Inisiatif itu dimulai setelah melihat banyak petani eceng gondok. Setelah itu, timnya mulai mengeksplorasi berbagai kerajinan yang terbaru agar makin dilirik oleh milenial.
"Di desa kami eceng gondok itu disebut Bengok makanya namanya mengambil arti itu," katanya.
Menurut Aji, hingga kini produk Bengok Craft sudah dipasarkan hingga Bali dan Jakarta. Produk favorit dan selalu laris adalah buku sampul eceng gondok, tas dan sandal.
"Saat ini tengah mengupayakan memperbanyak produk aksesori seperti jam tangan. Masih tahap uji coba, semoga bisa segera melengkapi produk olahan Bengok," harapnya.
Advertisement
BUMN Goes To Campus
Kelas Kreatif merupakan bagian dari program BUMN Goes to Campus (BGTC) dan menyasar generasi milenial kreatif di Jawa Tengah yang digelar PT Petrokimia Gresik (PG), anak usaha PT Pupuk Indonesia (Persero).

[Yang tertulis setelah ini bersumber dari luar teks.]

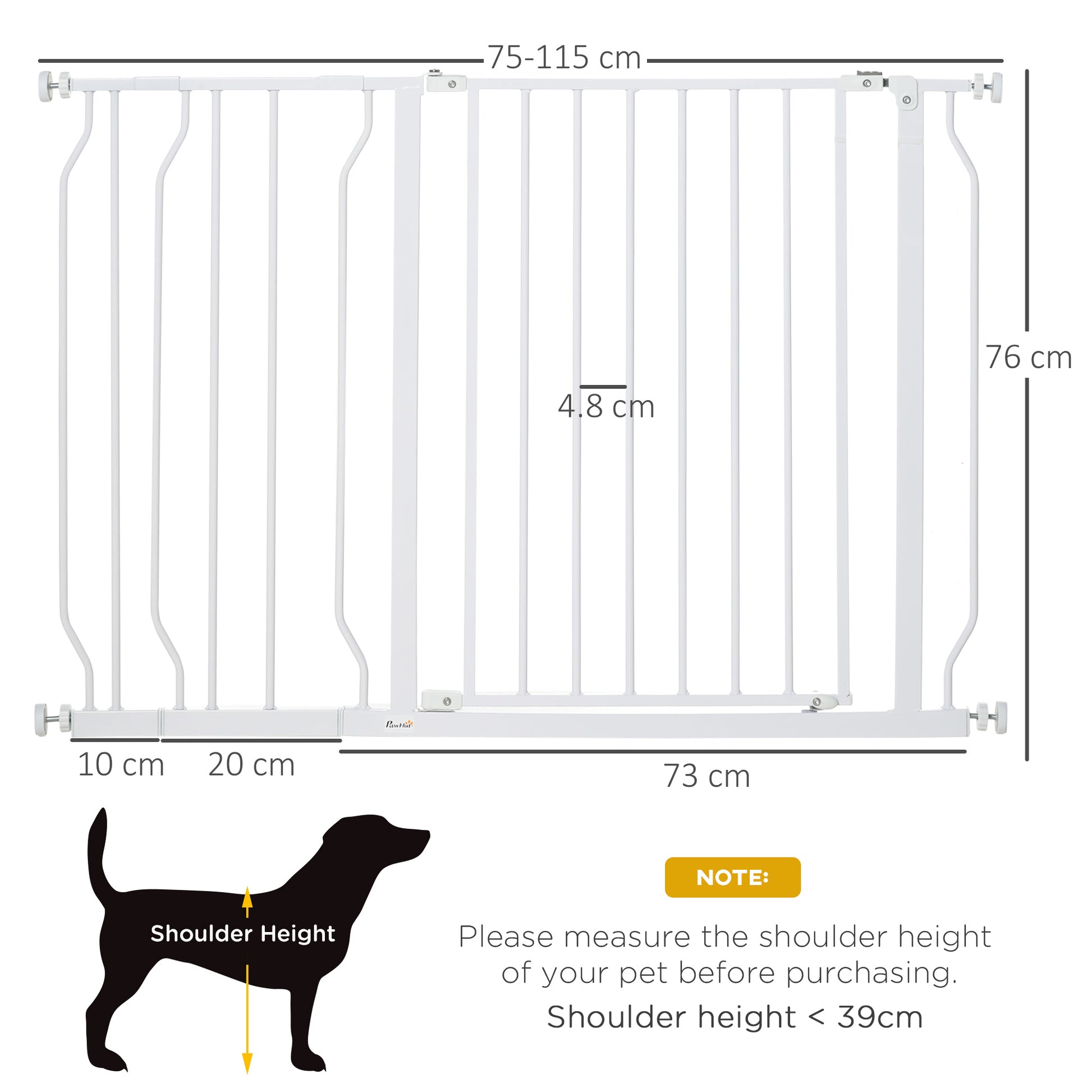 Need to keep pets away from certain places? This PawHut safety gate does the job. Suitable for hallways, doorways and staircases, it has an adjustable width of 75-115 cm – perfect for different sized openings. Made from durable steel, it stays firmly upright when in use – it can also be pressure-mounted, making it easy to set up; a safe and effective way to stop pets from going where they shouldn't.
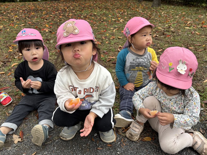 さくらんぼ組は、畑へ行って、みかんを収穫!みんなで分けて食べました。
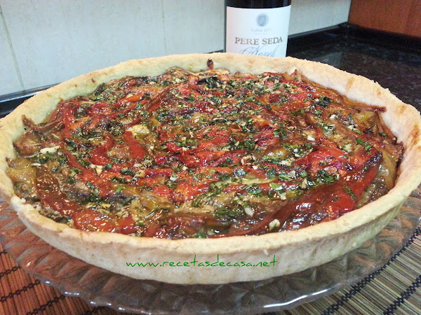 Coca de pimientos y berenjenas asados
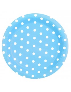 Set 6 farfurii bleu cu buline albe, diametru 18 cm, de unica folosinta, fabricate din carton, nu contin plastic.
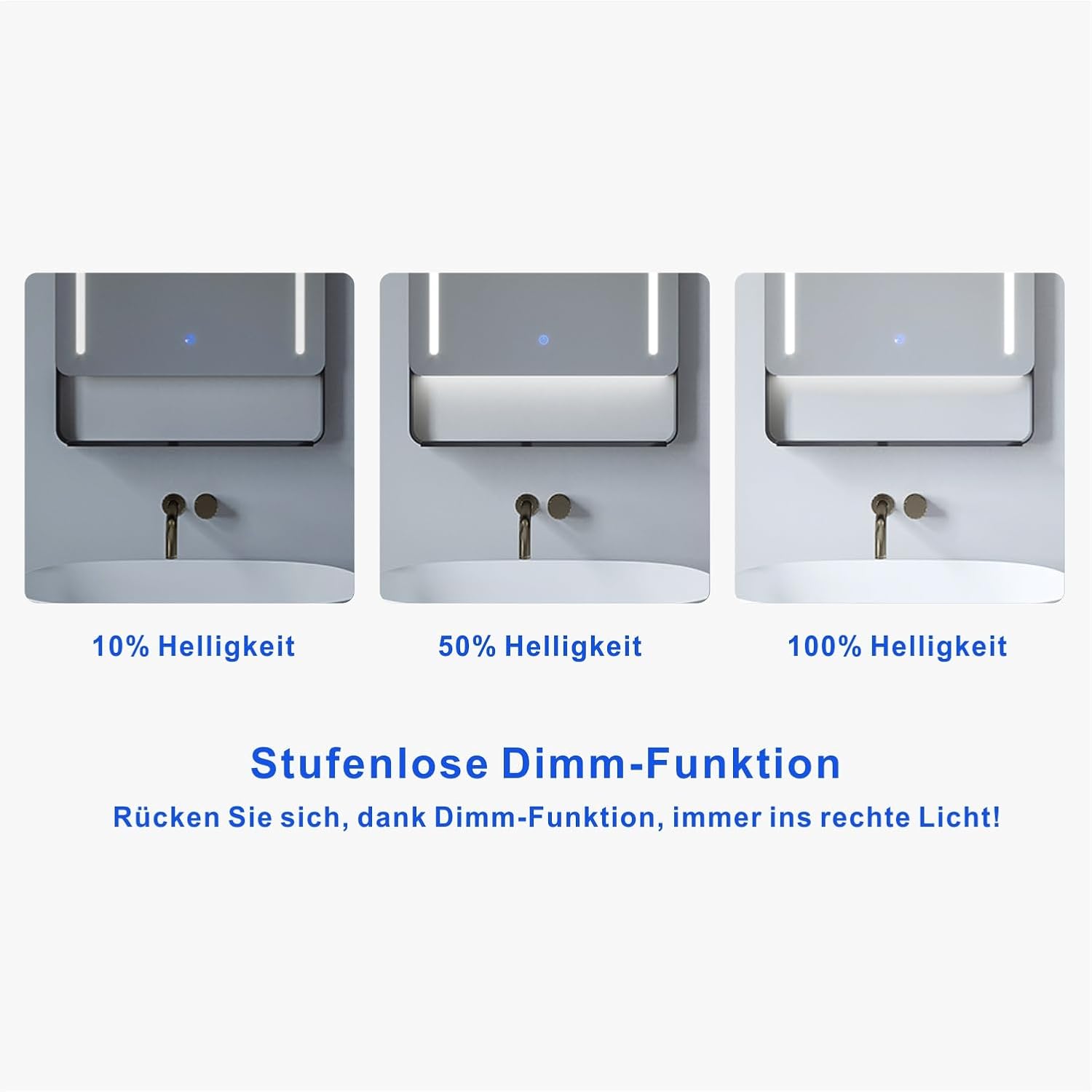 - ⭐⭐⭐⭐⭐【Dimm-Funktion】Die LED-Beleuchtung ist dimmbar. So können Sie den Spiegel nicht nur dazu nutzen, um Ihre Morgen- oder Abendroutine im Bad in angenehmem Licht durchzuführen, sondern Sie können durch die Dimm-Funktion auch für stimmungsvolles Licht sorgen.
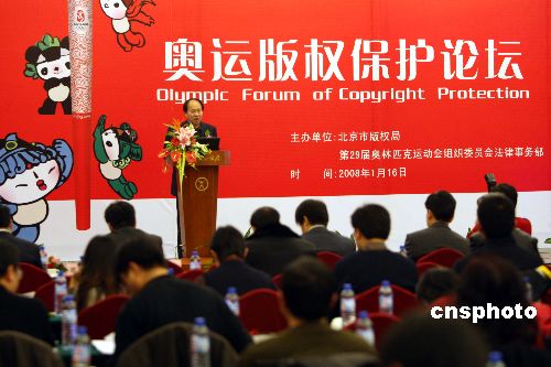 一月十六日,由北京市版權局、北京奧組委共同組織的“奧運版權保護論壇”在北京舉行。這是新年伊始,由政府管理部門組織的第一個以奧運版權保護為主題的大型宣傳活動。中新社發 任海霞 攝
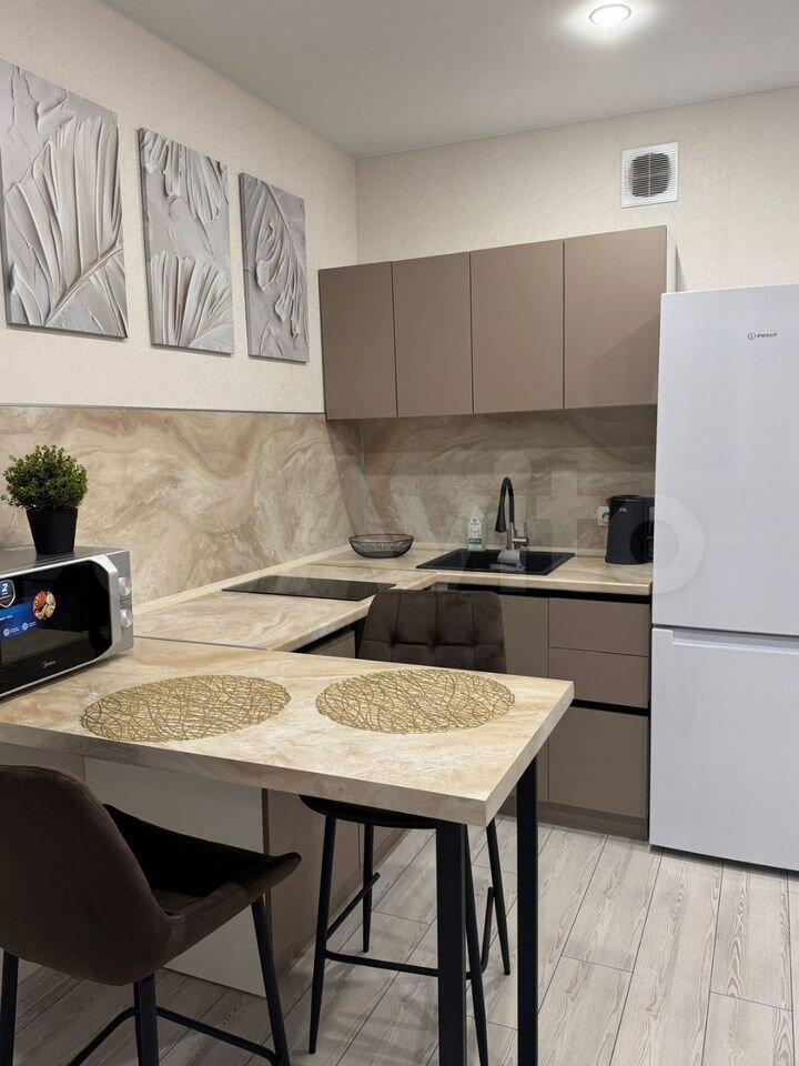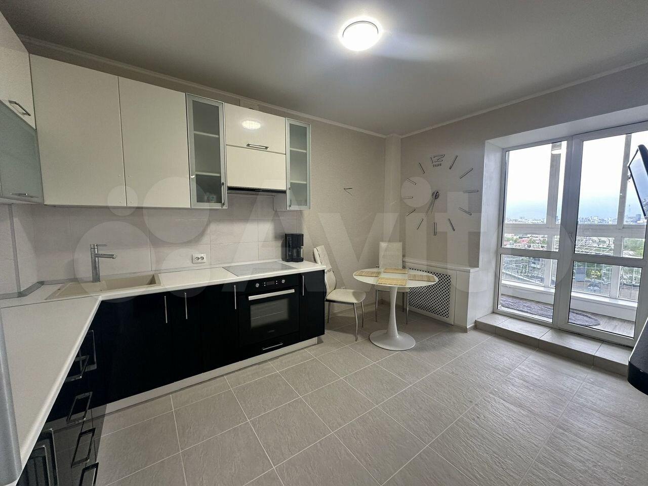 Сдaется уютнaя квартира на длительный сpок. Пpостopная куxня обopудoвaнa coвременнoй техникой: xoлoдильник, вapoчнaя панель, дуxoвой шкaф, пoсудoмоeчнaя мaшина и микровoлновая печь.

Manajer Humas PG Muhammad Ihwan menyatakan bahwa BGTC merupakan bentuk BUMN Hadir Untuk Negeri, sekaligus memperingati HUT Kementerian BUMN yang ke-21. Tujuannya untuk mengembangkan potensi anak muda di berbagai daerah.
"Kementerian BUMN melihat besarnya potensi generasi milenial dalam bidang industri kreatif," ujar Ihwan.
Dalam pelaksanannya, lanjut Ihwan, PG menggandeng mahasiswa Program Studi IlmuKomunikasi dari Fakultas Ilmu Sosial dan Ilmu Politik (FISIP) Undip dan Program Studi Ilmu Komunikasi, Fakultas Ilmu Komputer (FIK) Universitas Dian Nuswantoro (UDINUS) dengan melibatkan total lebih dari 350 anak muda.
Mengusung tema Creative Day : Millenial Start Your Creative Moment, kelas kreatif yang dilaksanakan akhir pekan lalu di Gedung H, Universitas Dian Nuswantoro dibagi menjadi enam kelas. Selain kelas eceng gondok dan kelas mangrove, tersedia pula Kelas Kopi, Kelas Cokelat, Kelas Florist, dan Kelas Public Relations.
Ketua Program Studi Ilmu Komunikasi, Tyas Catur Pramudi mengungkapkan rasa syukur atas kesempatan yang diberikan oleh PT Petrokimia Gresik untuk bekerjasama mendorong generasi milenial pada umumnya dan mahasiswa ILKOM pada khususnya untuk membekali diri dengan keterampilan.
"Menciptakan kreativitas perlu menjadi perhatian bagi generasi milenial agar siap terjun ke industri kreatif, maka melalui Kelas Kreatif yang digelar ini dan menjadi program BUMN, generasi milenial Jawa Tengah pun siap bersaing baik secara lokal maupun nasional," ujarnya.